Inactivity. Is it bad for you? Of course. But the latest research, as reported by MSN.com, shows that it may be worse than we thought.
Even if you think you have an energetic lifestyle, sitting is how most of us spend a good part of our day. And it’s killing us — literally — by way of obesity, heart disease, and diabetes.
Most people in modern society live fairly sedentary lives. They go from the television to the computer and back.
Sitting, sitting and more sitting. How many hours?
According to a poll of nearly 6,300 people by the Institute for Medicine and Public Health, it’s likely that you spend a stunning 56 hours a week planted like a geranium…

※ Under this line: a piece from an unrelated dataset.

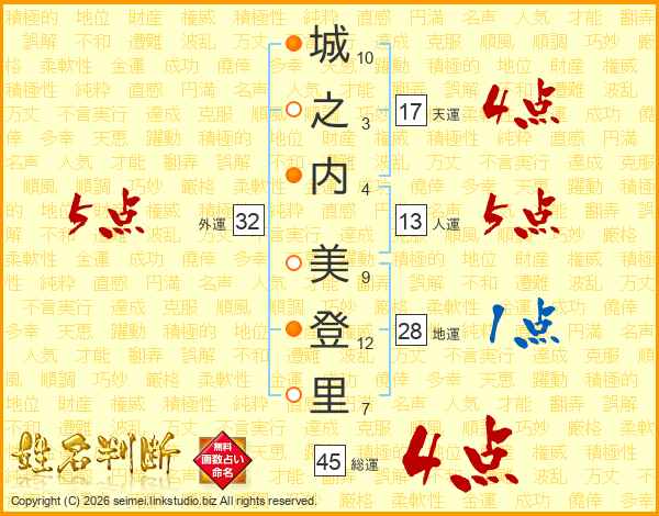城(10画)之(3画)内(4画) 美(9画)登(12画)里(7画)

Well, that’s a lot of hours. Common sense would tell you that you could remedy all the sitting by getting extra exercise. But is that true?
We’ve become so sedentary that 30 minutes a day at the gym may not do enough to counteract the detrimental effects of eight, nine, or 10 hours of sitting, says Genevieve Healy, Ph.D., a research fellow at the Cancer Prevention Research Centre of the University of Queensland in Australia.

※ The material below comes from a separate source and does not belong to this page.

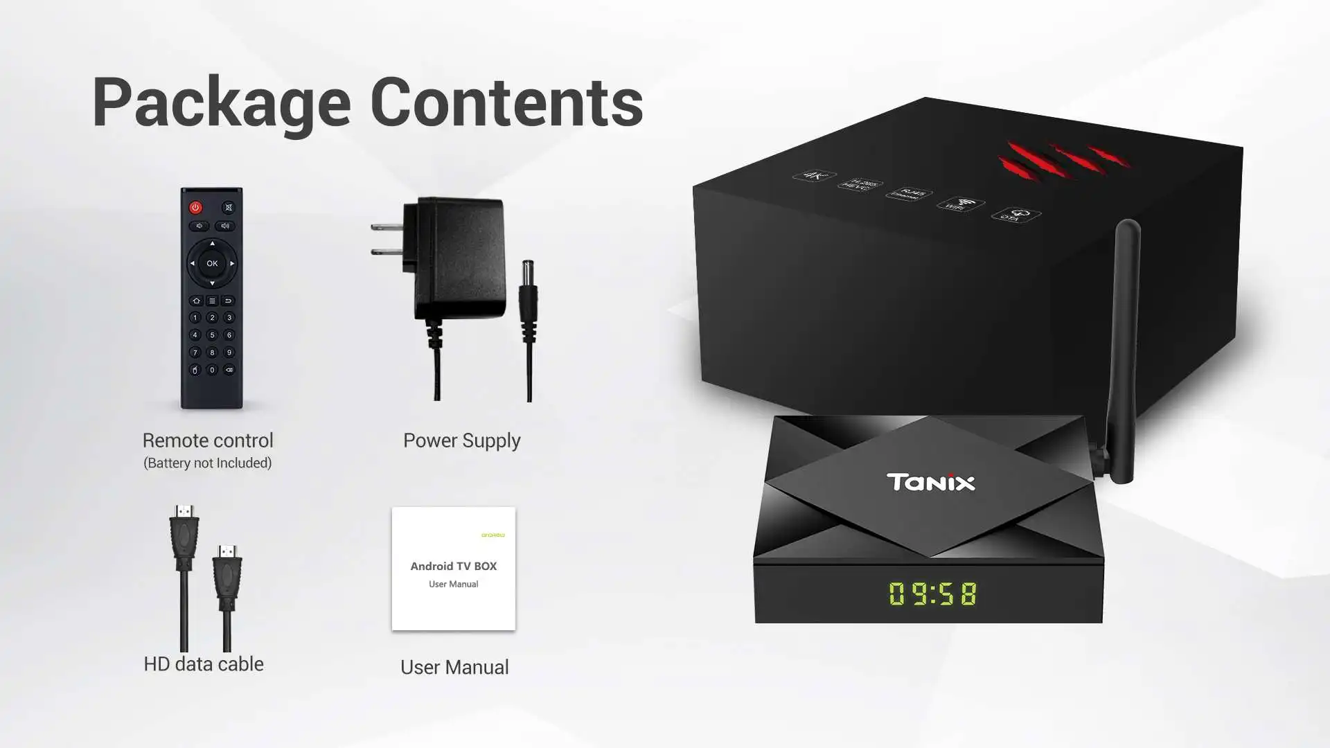 1 x ТВ-приставка Tanix TX6s H6161 x HD кабель1 х ИК-пульт дистанционного управления (без функции голосового управления)1 х адаптер питания1 х Руководство пользователя

The result: constant struggles with weight, blood pressure and diabetes, even while attempting to eat right and get proper exercise.

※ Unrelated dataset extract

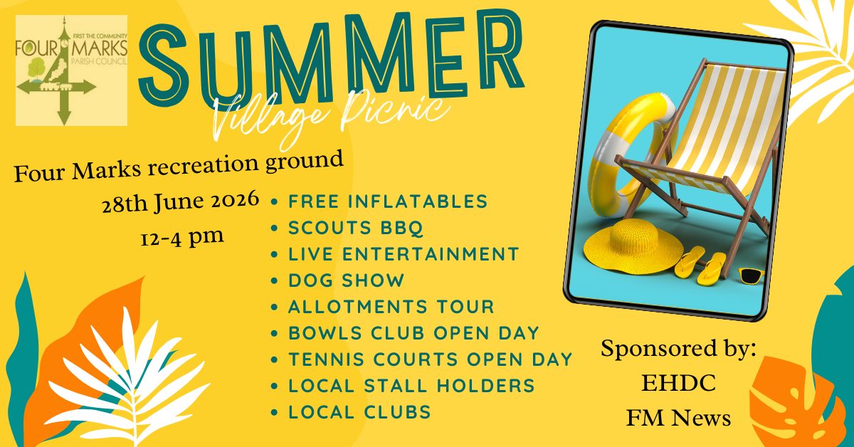Welcome to our village which is situated 4.4 miles southwest of Alton and within easy reach of London. With direct access from the A31, you will find a range of amenities and services including the Watercress line heritage railway, Oak Green parade featuring a range of shops (including a Post Office counter service) and food establishments, Four Marks Recreation ground which is where you will find the Parish Office, children's play ground, sports pavilion, allotments and tennis courts. Other areas of interest include the Church of the Good Shepherd, Four Marks Village Hall and Swelling Hill Pond. Artwork - rachelhudsonillustration.com

There’s a reason for that. Most people underestimate the amount of exercise that is needed to be healthy.
These human bodies developed during a time when they were active almost constantly. There were no indoor activities. Caves and huts and houses throughout history were dark.
When the sun came up everyone was out of doors. Survival involved activity — hunting, tending crops, getting water — and those that did not move did not survive.
Not so today. And inertia is a difficult thing. It’s hard to overcome. It leads to looking for the easy way.
It also leads doctors and therapists and trainers and people who should know better to minimize their exercise recommendations. So you see things like ultraquick workouts. And ads for devices that will make exercise painless, quick and easy.
Fortunately or unfortunately it doesn’t work that way. You can’t be fit and healthy without exercise. And a few minutes 3 times a week — despite what you’ve heard and despite what you’d like to believe — is just not enough.